### PROBLEM DESCRIPTION
Restate word for word the section of the entries that opens at the line containing "What Else You" and closes at the line containing "H Επιχειρησιακή εικόνα", both lines kept, pictures dropped.

Start of DATA FOR REVIEW

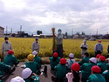 秋晴れの下、小規模特認校支援協議会、同朋会、下友坂地区の皆さんのお力添えをいただき、稲刈り体験をしました。
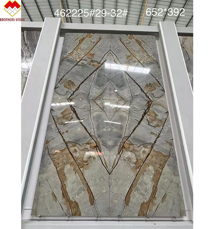 แผ่นหินควอทซ์ไซต์หินธรรมชาติที่ไม่เหมือนใครหรูหราแผ่นหินควอตซ์สีเหลืองสไตล์บราซิล
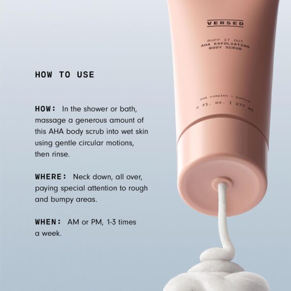 What Else You Should Know : This creamy body scrub exfoliator contains gentle AHAs (brightening lactic acid and resurfacing glycolic acid) to remove dead skin, smooth rough texture, and help improve the appearance of discoloration for fresher, brighter-looking skin.
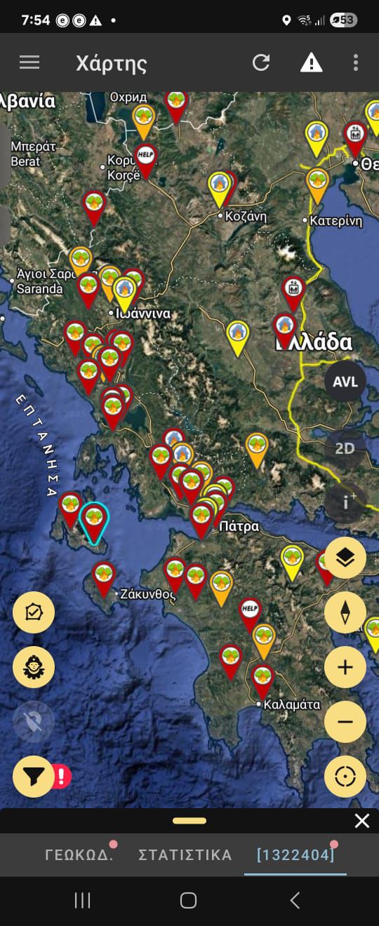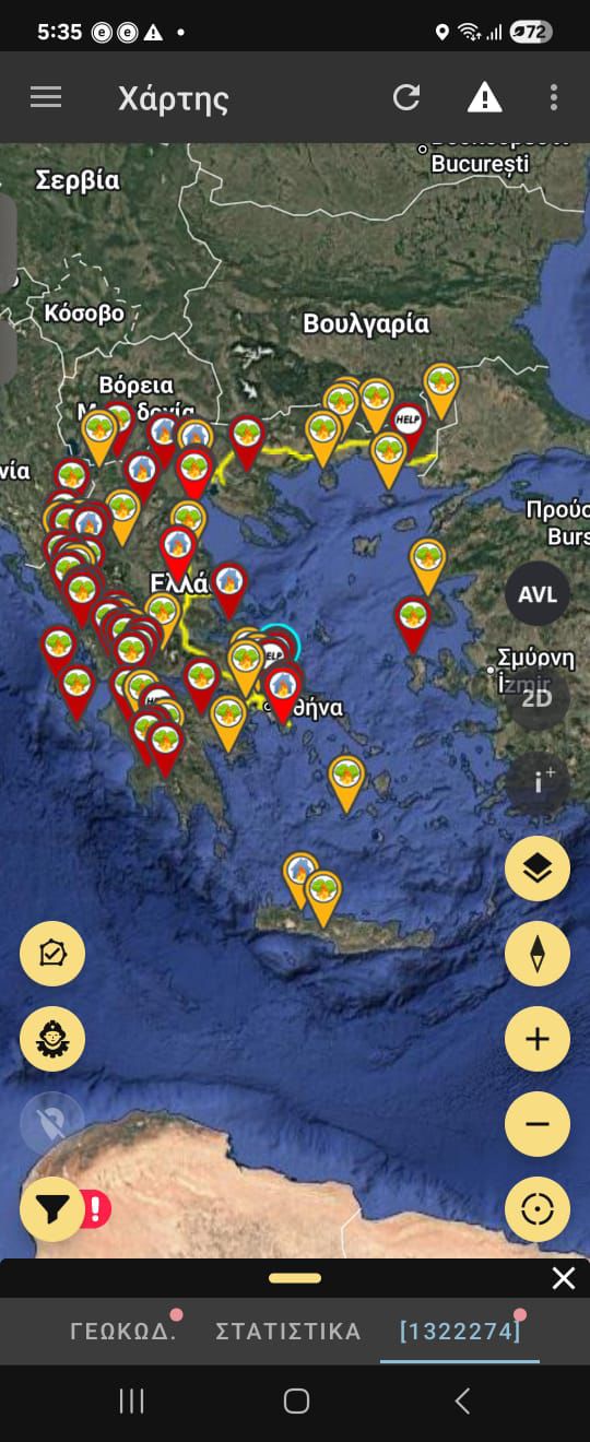 H Επιχειρησιακή εικόνα με γεωγραφικό προσδιορισμό των συμβάντων, τα μέσα και το προσωπικό. Με κόκκινο είναι οι εν εξελίξει πυρκαγιές
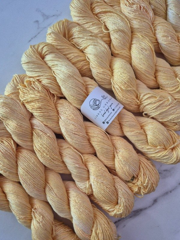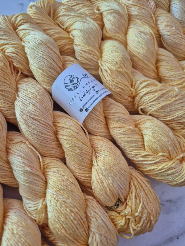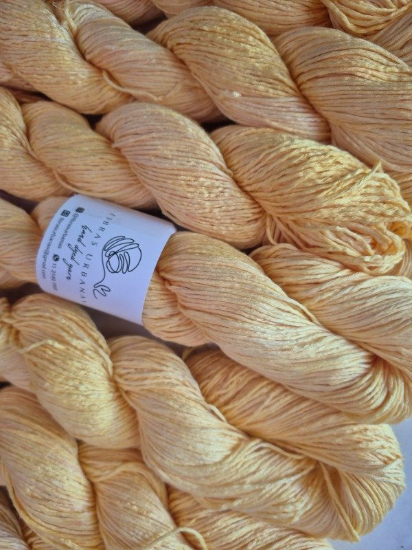Hilado 100 % fibra de bamboo grosor sport. Rinde 300 metros en 100 gramos. El bamboo es una fibra premiun, de alta calidad. Es una fibra suntuosa, de muy buena caída y de gran transpirabilidad. Se destaca por su brillo y suavidad. Además, es respetuosa con el medio ambiente (su produccion insume menos litros que el algodón, por ejemplo), antibacteriana e hipoalergénica. Si vas a tejer bamboo por primera vez te recomiendo bajar el calibre de tus agujas ya sea de tricot o crochet ya que su contenido celulósico hace que estire por su propio peso. Y que tengas también esto en cuenta al estimar el largo de tus prendas. En fin si tejes tu prendas con facilidad negativa va a estirar con el uso pero te quedará al cuerpo. Espero te sirvan mis tips.

End of DATA FOR REVIEW

### RESULT
 What Else You Should Know : This creamy body scrub exfoliator contains gentle AHAs (brightening lactic acid and resurfacing glycolic acid) to remove dead skin, smooth rough texture, and help improve the appearance of discoloration for fresher, brighter-looking skin.
 H Επιχειρησιακή εικόνα με γεωγραφικό προσδιορισμό των συμβάντων, τα μέσα και το προσωπικό. Με κόκκινο είναι οι εν εξελίξει πυρκαγιές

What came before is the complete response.